───── Materials provided ─────
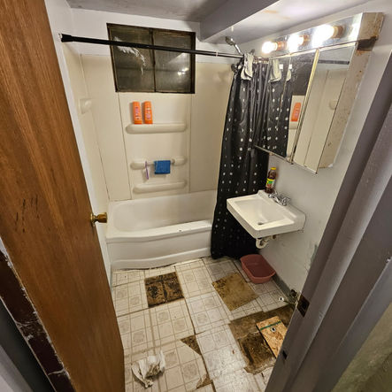This bathroom required a full restoration after severely corroded plumbing caused leaks and water damage, leading to mold behind the walls. All affected materials were safely removed and the mold was properly remediated. The space was then rebuilt with brand-new drywall, a new tub/shower unit, updated plumbing, a new pedestal sink/vanity, and fresh tile flooring—restoring the bathroom to a clean, functional, and updated condition.
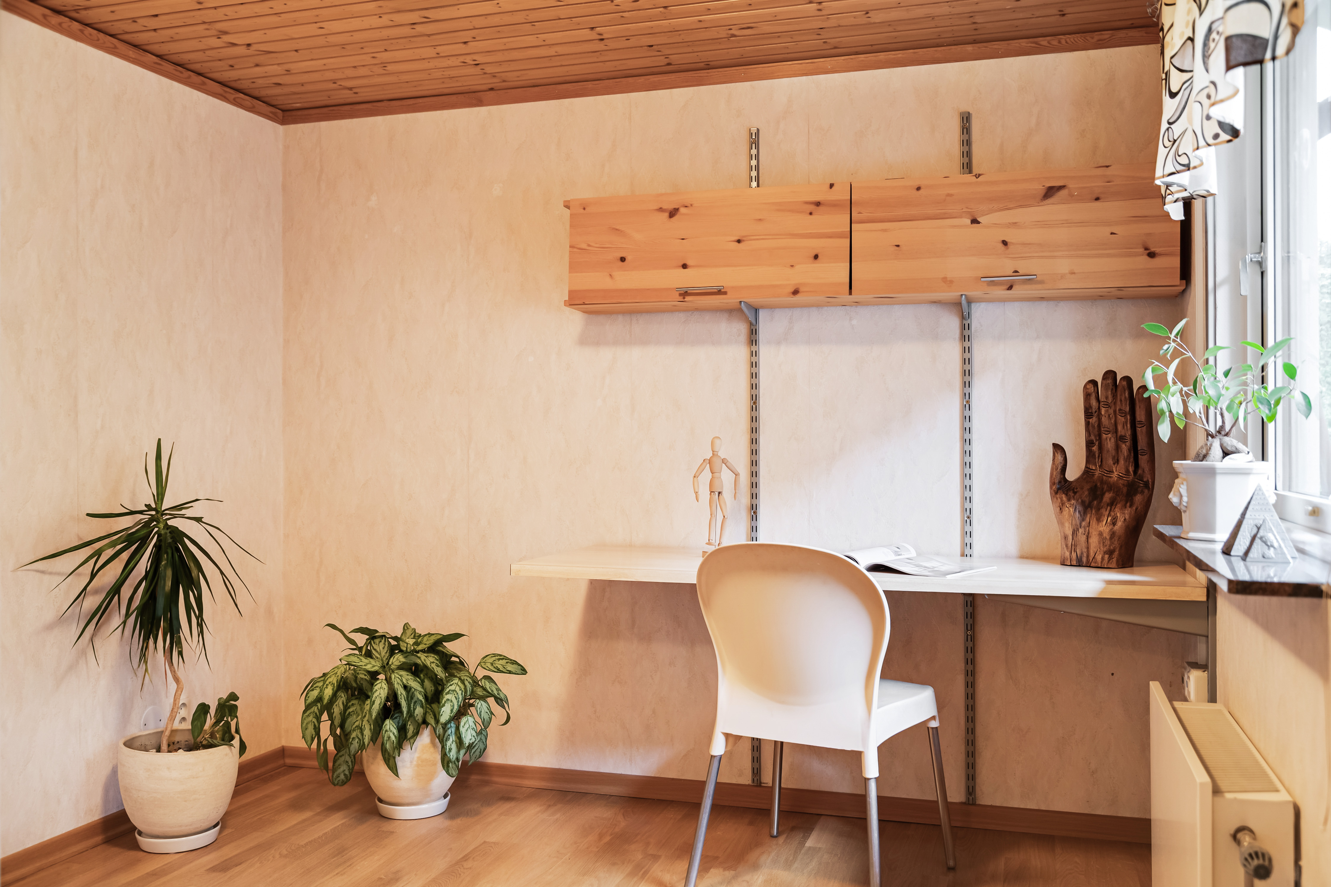 Parkettgolv och tapet. Skjutdörrsgarderob.
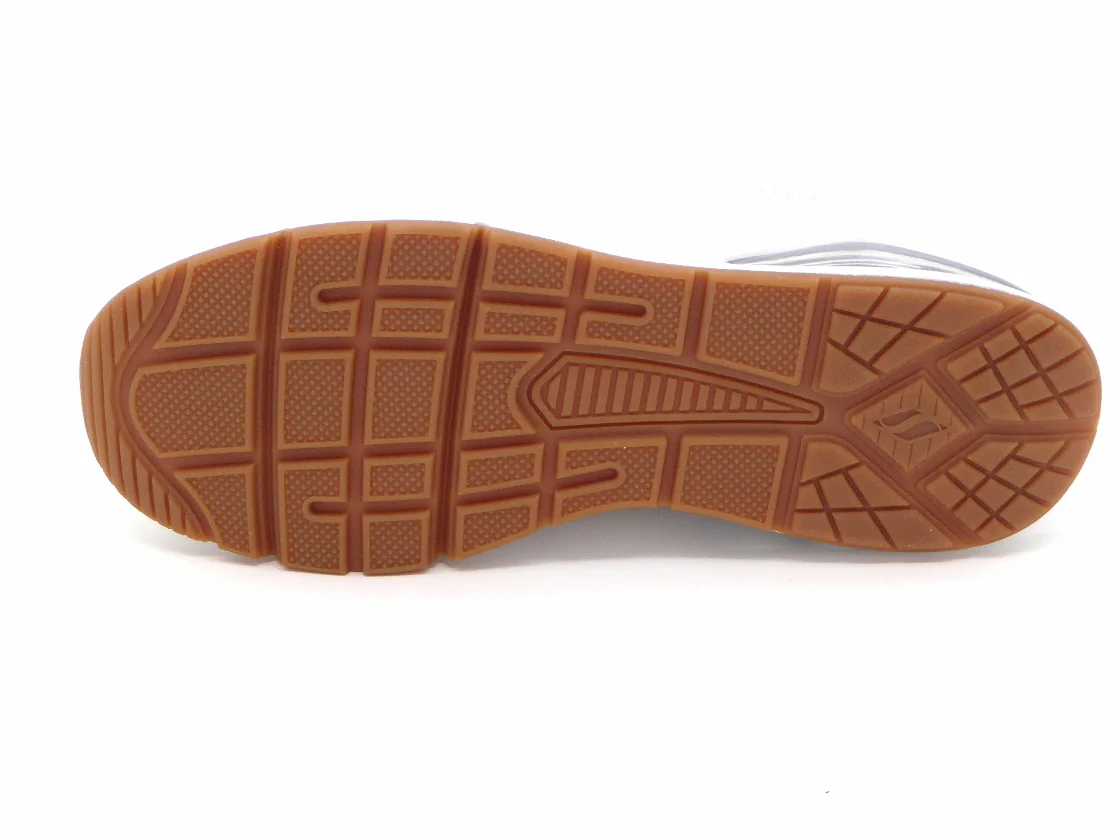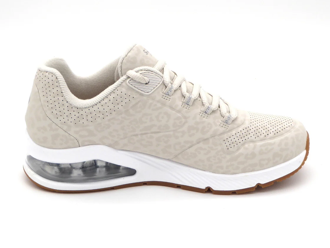 De trendy sneaker van Skechers Uno 2-In-Kat-Neato heeft een soepele bovenkant van geperforeerd synthetisch materiaal. met luipaardprint. De comfortabele binnenzool en de voering zijn gemaakt van textiel. De sneaker wordt gesloten door middel van een vetersluiting. Dankzij het dempende voetbed met Air-Cooled Memory Foam loopt de veterschoen extra comfortabel. Ook heeft dit voetbed een ventilerende werking. De perforaties op het bovenwerk zorgen voor een verkoelend effect. De tussenzool is voorzien van een een zichtbare Skech-Air®-airbag en biedt daardoor uitstekende ondersteuning en schokdemping bij iedere stap. De rubberen zool is flexibel en biedt veel grip. De Skechers Uno 2 sneaker heeft een vast voetbed.
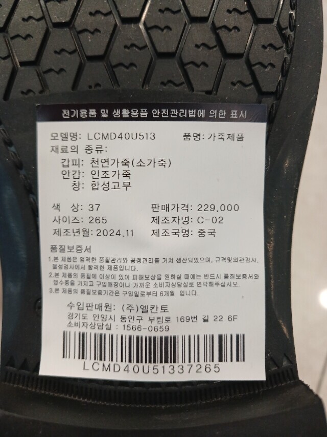 | 1. 제품 소재 (운동화인 경우에는 겉감, 안감을 구분하여 표시) | 상품상세참조 |
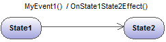 When "MyEvent2()" occurs in the sample above, the state machine implementation calls "OnExitState3()". If "MyEvent2" would have an Effect, it would be subsequently called, then "OnEntryState4" and "OnDoState4" would be called.
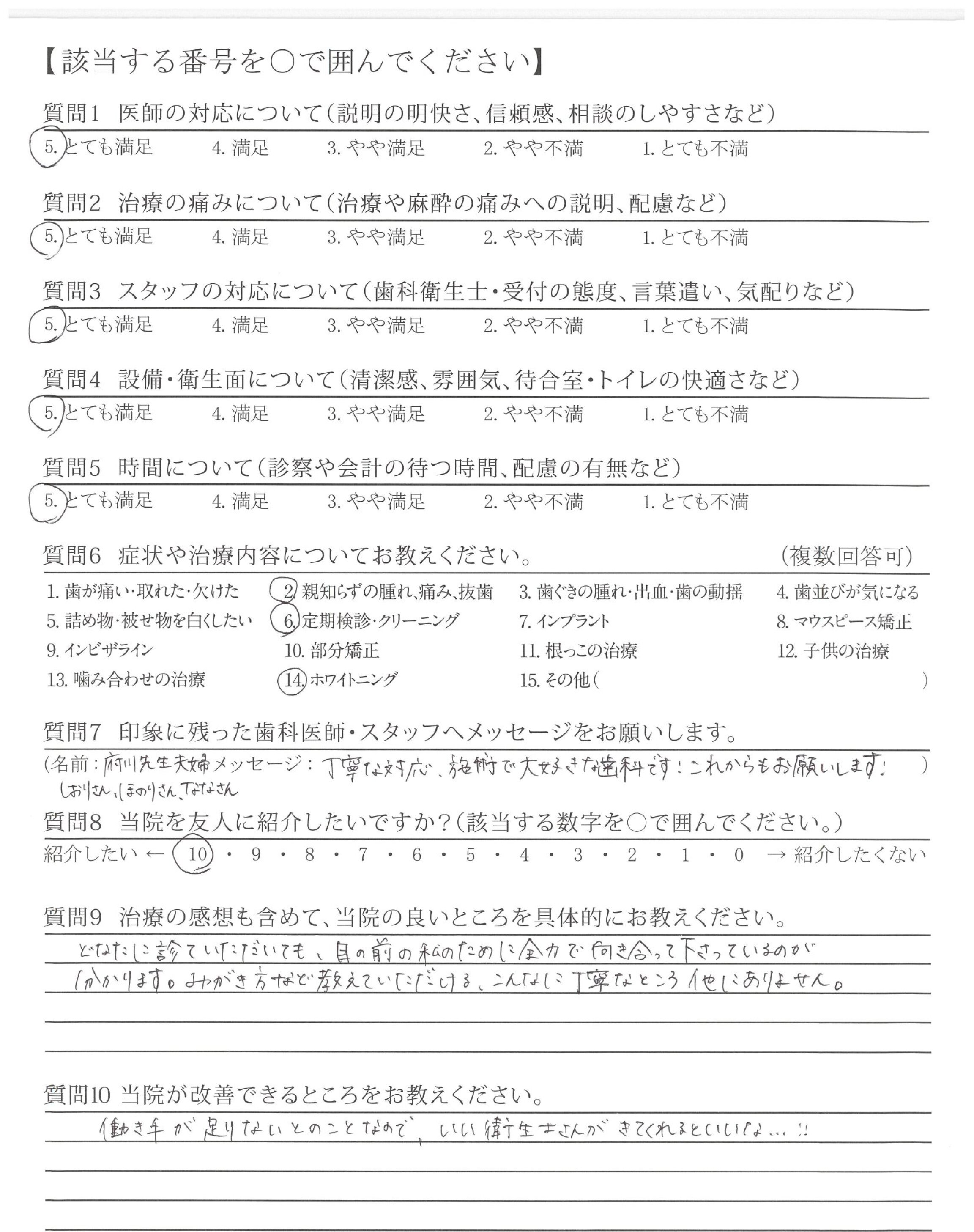 親知らずの時はリスク説明、費用、私の不安な気持ちを汲んでくださって納得のいく治療をして頂けてとても感謝しています。
─────
> [Exercise objective] Repeat every entry exactly. Do not include the pictures.

> [Exercise answer]
This bathroom required a full restoration after severely corroded plumbing caused leaks and water damage, leading to mold behind the walls. All affected materials were safely removed and the mold was properly remediated. The space was then rebuilt with brand-new drywall, a new tub/shower unit, updated plumbing, a new pedestal sink/vanity, and fresh tile flooring—restoring the bathroom to a clean, functional, and updated condition.
 Parkettgolv och tapet. Skjutdörrsgarderob.
 De trendy sneaker van Skechers Uno 2-In-Kat-Neato heeft een soepele bovenkant van geperforeerd synthetisch materiaal. met luipaardprint. De comfortabele binnenzool en de voering zijn gemaakt van textiel. De sneaker wordt gesloten door middel van een vetersluiting. Dankzij het dempende voetbed met Air-Cooled Memory Foam loopt de veterschoen extra comfortabel. Ook heeft dit voetbed een ventilerende werking. De perforaties op het bovenwerk zorgen voor een verkoelend effect. De tussenzool is voorzien van een een zichtbare Skech-Air®-airbag en biedt daardoor uitstekende ondersteuning en schokdemping bij iedere stap. De rubberen zool is flexibel en biedt veel grip. De Skechers Uno 2 sneaker heeft een vast voetbed.
 | 1. 제품 소재 (운동화인 경우에는 겉감, 안감을 구분하여 표시) | 상품상세참조 |
 When "MyEvent2()" occurs in the sample above, the state machine implementation calls "OnExitState3()". If "MyEvent2" would have an Effect, it would be subsequently called, then "OnEntryState4" and "OnDoState4" would be called.
 親知らずの時はリスク説明、費用、私の不安な気持ちを汲んでくださって納得のいく治療をして頂けてとても感謝しています。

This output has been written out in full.